Items listed in a dataset
########

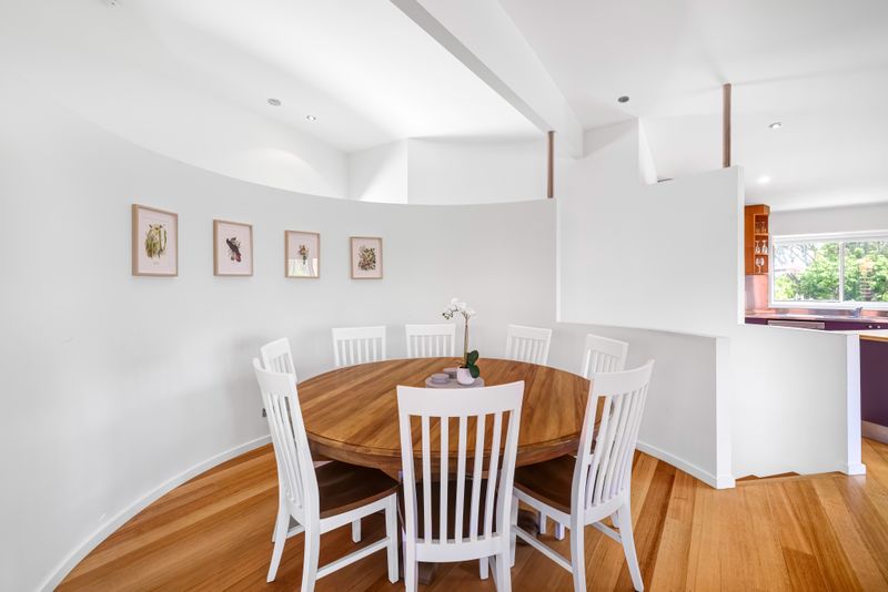 Upon entering the generous foyer, the home's craftsmanship becomes immediately apparent. Lofty ceilings, an impressive curved timber staircase, and an abundance of natural light create a memorable sense of arrival. The foyer also includes space for a study nook and convenient under-stair storage, setting the tone for the thoughtful design that continues throughout the home.
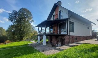 В доме на втором этаже 3 комнаты, 2 санузла. На первом этаже гардеробная, кухня - гостинная , душевая и санузел. Очень оригинальная кухня с винным холодильником. В гостинной расположен камин . Можно сидеть у камина и смотреть на воду, любоваться восходом и закатом солнца. Выйдя на террасу можно пожарить мяско
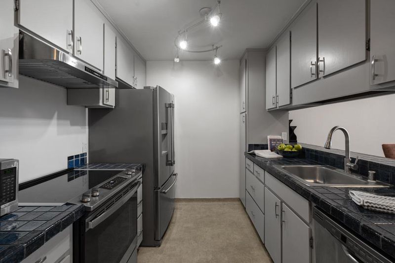 - Countertop - Tile, Dishwasher, Exhaust Fan, Garbage Disposal, Hood Over Range, Ice Maker, Microwave, Oven - Self Cleaning, Oven Range - Electric, Refrigerator
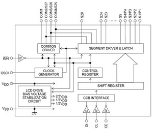- 支持通過串行數(shù)據(jù)控制來實現(xiàn)靜態(tài)(1/1占空比),或1/2占空比1/2偏置,或1/3占空比1/3偏置,或1/4占空比1/3偏置驅動
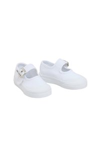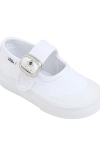 Baskets blanches en toile avec une semelle plate, un bout rond et une sangle ajustable avec une boucle en métal. Présente un logo Vans sur le côté.
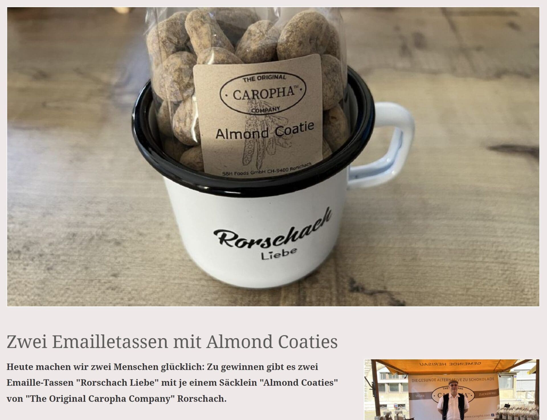 Zu gewinnen gibt es heute 2 Emailletassen mit einem speziellen Inhalt. Die Schoggi, welche ja gar keine Schoggi ist, ist in aller Munde. Das Produkt des Rorschachers Philipp Kern gibt es heute im Adventskalender der Ortsbürger Rorschach als Beilage zu gewinnen. Und da heute Bummelsunntig ist, findet man dieses Produkt auch in Rorschachs Gassen. Das Caropha-Team ist an der Neugasse zu finden (unmittelbar vis-à-vis Leder Koller und Verzauberte Momente).
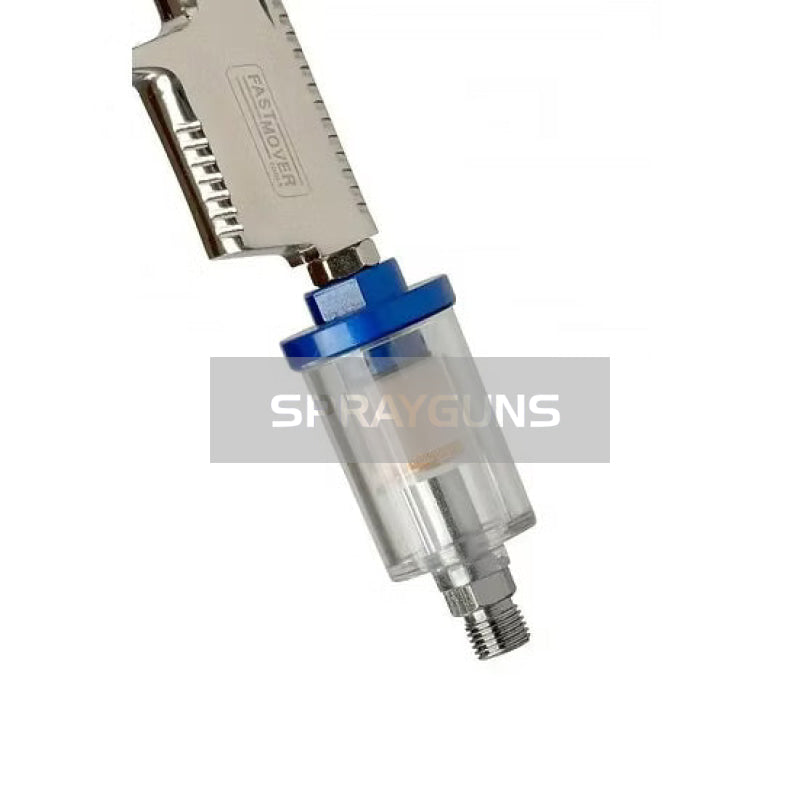 Mini air filter and water trap for use with most spray guns. Fit this mini water trap onto the spray gun to eliminate water from the compressor or airline entering the spray gun and contaminating the paint.
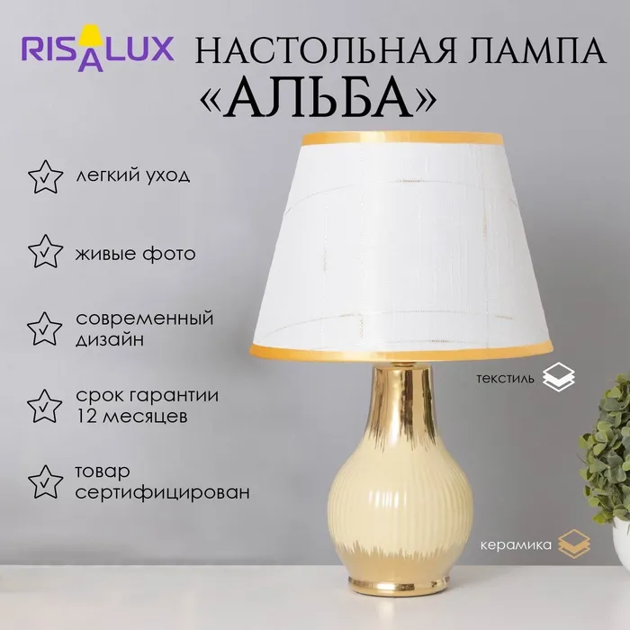 Лампа настольная «Альба» 1×40 Вт Е14 бежевый/золото 24×24×40 см
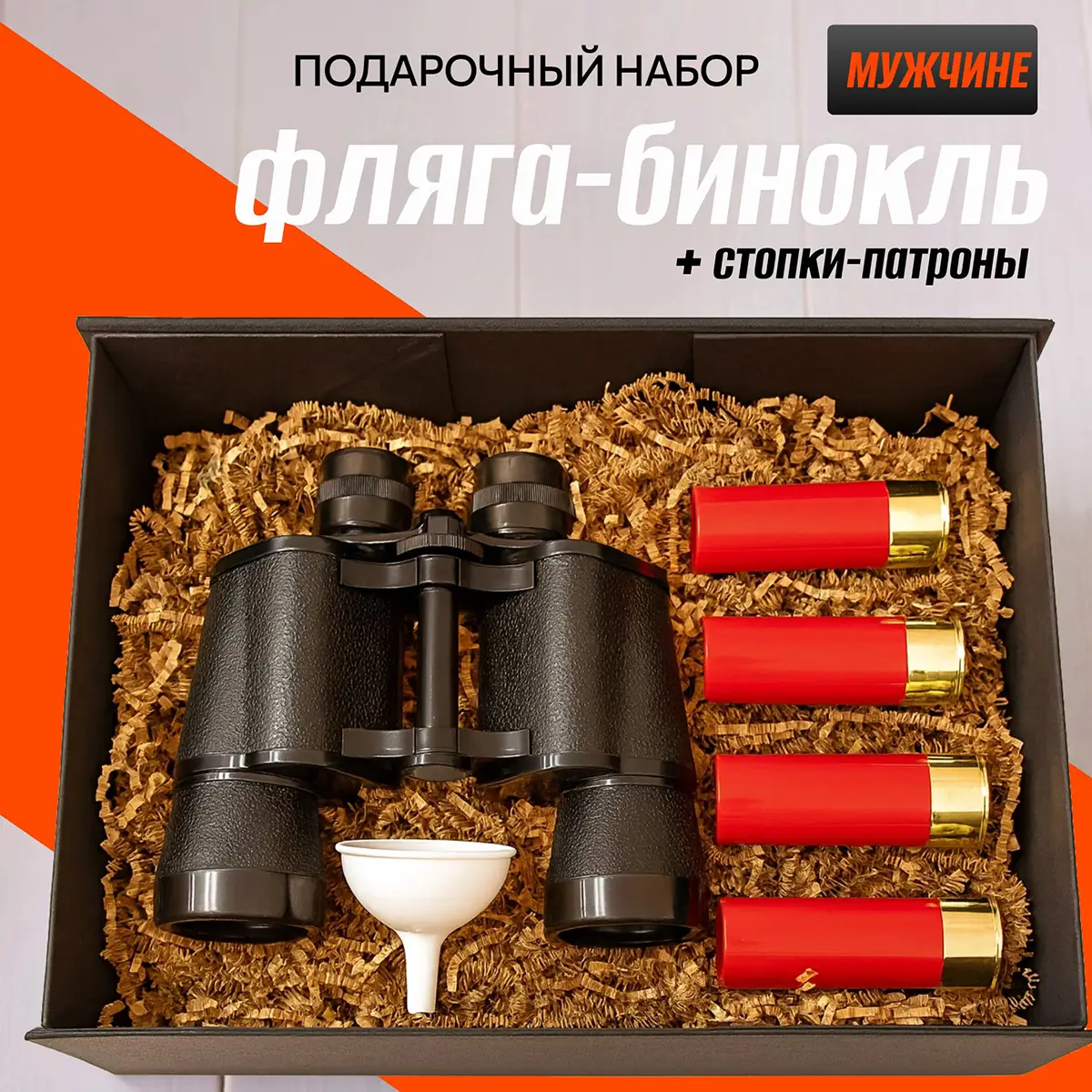 Что будет если соединить фляжку в виде бинокля и стопки в виде охотничьих патронов? А получится идеальный подарок для мужчины, даже если он не любит стрелять в животных.

########

• [Your assignment]
Your answer must be the lines from the opening line of the entries through the line holding "В доме на втором", written out exactly and without any picture.

• [Answer to this problem]
 Upon entering the generous foyer, the home's craftsmanship becomes immediately apparent. Lofty ceilings, an impressive curved timber staircase, and an abundance of natural light create a memorable sense of arrival. The foyer also includes space for a study nook and convenient under-stair storage, setting the tone for the thoughtful design that continues throughout the home.
 В доме на втором этаже 3 комнаты, 2 санузла. На первом этаже гардеробная, кухня - гостинная , душевая и санузел. Очень оригинальная кухня с винным холодильником. В гостинной расположен камин . Можно сидеть у камина и смотреть на воду, любоваться восходом и закатом солнца. Выйдя на террасу можно пожарить мяско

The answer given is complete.